Но интересно вот что. В России, Румынии или Турции большие немецкие автомобили – все еще символ статуса. Но в США или в Германии, в сердце капитализма, символом статуса стало искусство. Никто больше не гордится своим «Мерседесом» С-класса, а скорее уж Герхардом Рихтером, которого он повесил у себя где-нибудь в ванной. Пару лет назад меня пригласили преподавать в Санкт-Галлен – это большой экономический факультет в Швейцарии, где, по сути, учат капитализму. Они начали устраивать семинары о философии, искусстве и кино, а не только об экономике и норме прибыли. И тут я заметил, что капитализм вошел в стадию кризиса и пытается создать современную форму идеологии, которую можно записать на бумаге, которая гедонистична и допускает определенные сомнения. Капитализм больше не верит в себя и, как в XVIII веке, призывает художников ко двору.
Но меня в моих фильмах интересует не столько капитал, сколько парвеню, люди, которые хотят чего-то достичь, получить доступ к определенному классу и в этом терпят крушение. Эта тема есть и у Кубрика: Барри Линдон или врач из «Широко закрытыми глазами», который хочет попасть на самый верх, и это станет его трагедией.

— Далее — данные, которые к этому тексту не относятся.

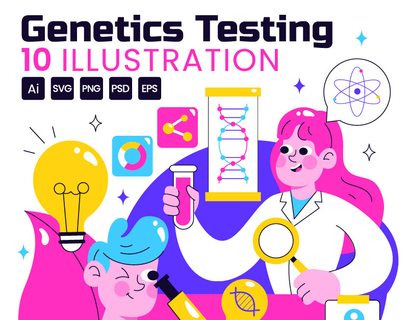 Genetics Testing Illustration Featuring DNA Molecule Structure, Scientific Research, and Laboratory Experiment with Scientists in a Technological Background Suitable for Poster, Web Banner, Brochure, Landing Page and Others Background Template Features: – Fully editable vector files, easy to edit the object, color and background – Include 100% vector Ai, Eps 10, SVG – PNG transparent…

– Есть ли у вас ощущение, что новые времена предъявляют к кино новые требования? Если да, то какие? Насколько вы готовы следовать этим задачам?

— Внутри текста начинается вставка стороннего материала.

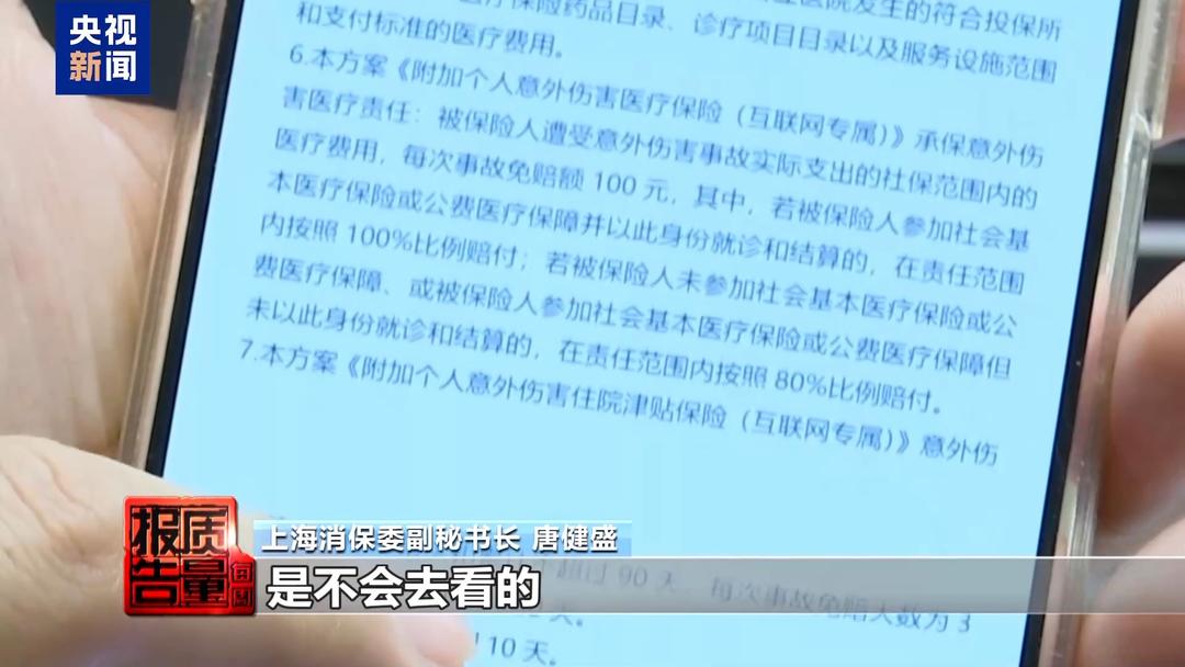 上海消保委副秘书长 唐健盛:在线上其实就变成形式上的合规。按照相关规定,所有要告诉你的,全把它放上去,但是通过一些设计,能够做到99.99%的人是不会去看的,因为我让你看的只是我想让你看的。在互联网上,其实消费者本身对于一些条款的阅读已经跟线下有完全不同的习惯,再加上做了一些希望你去做选择性忽略的设计,对消费者的知情权其实是有很大伤害的。

– Американские сериалы отняли у кино романный нарратив, которым прежде были заняты такие режиссеры, как Дэвид Лин, то есть возможность передавать мир в романном порядке. Я считаю, что это удача и кино теперь делает то, что всегда умело гораздо лучше, а именно – оно занято рассказом, новеллой. Я был восхищен фильмом «Место под соснами» Дерека Сиенфрэнса и подумал, что перед лицом сериалов кино начинает рассказывать по-другому.
С другой стороны, мы знаем, что фестивали замещают кинотеатры, которые еще были во времена «новой волны» или «Нового Голливуда». Большие сегодняшние кинодвижения, румынское, греческое и аргентинское, нашли свое место именно на фестивалях. Но фестивальная публика – это не кинопублика. Часто эти люди не заплатили за билет. Они смотрят по пять фильмов в день. Мы снова в своего рода университете, мы не идем после фильма гулять по бульварам, не садимся в кафе и не отправляемся в одинокую прогулку. Мы всегда существуем в группе, и мы делаем кино тоже внутри этой группы. Меланхолия, о которой идет речь в одном из ваших следующих вопросов, отсюда. Фильмы так меланхоличны, потому что они тоскуют об исчезнувшем пространстве. Это пространство кинотеатра.
– Вы известны как режиссер Берлинской школы. Вы чувствуете эту причастность? Если да – что это приносит?
– Ну, в экономическом смысле это больших преимуществ не принесло. Берлинская школа, по крайней мере, в Германии не было чем-то исключительно соблазнительным. Ее начали довольно быстро жестко критиковать. Но, например, на прошлой неделе мы были на премьере Беньямина Хайзенберга[23] и потом сидели вместе и говорили о кино. Я думаю, что этим и была для меня Берлинская школа – люди вокруг, которые тоже делают кино и хотят говорить о кино. Хотя мы – группа без манифеста, и у нас нет одного продюсера, но у меня есть чувство, что наши фильмы тоже дружат, как будто они выросли из одного коллективного опыта. Поэтому речь идет, прежде всего, о возможности диалога – личного и в фильмах.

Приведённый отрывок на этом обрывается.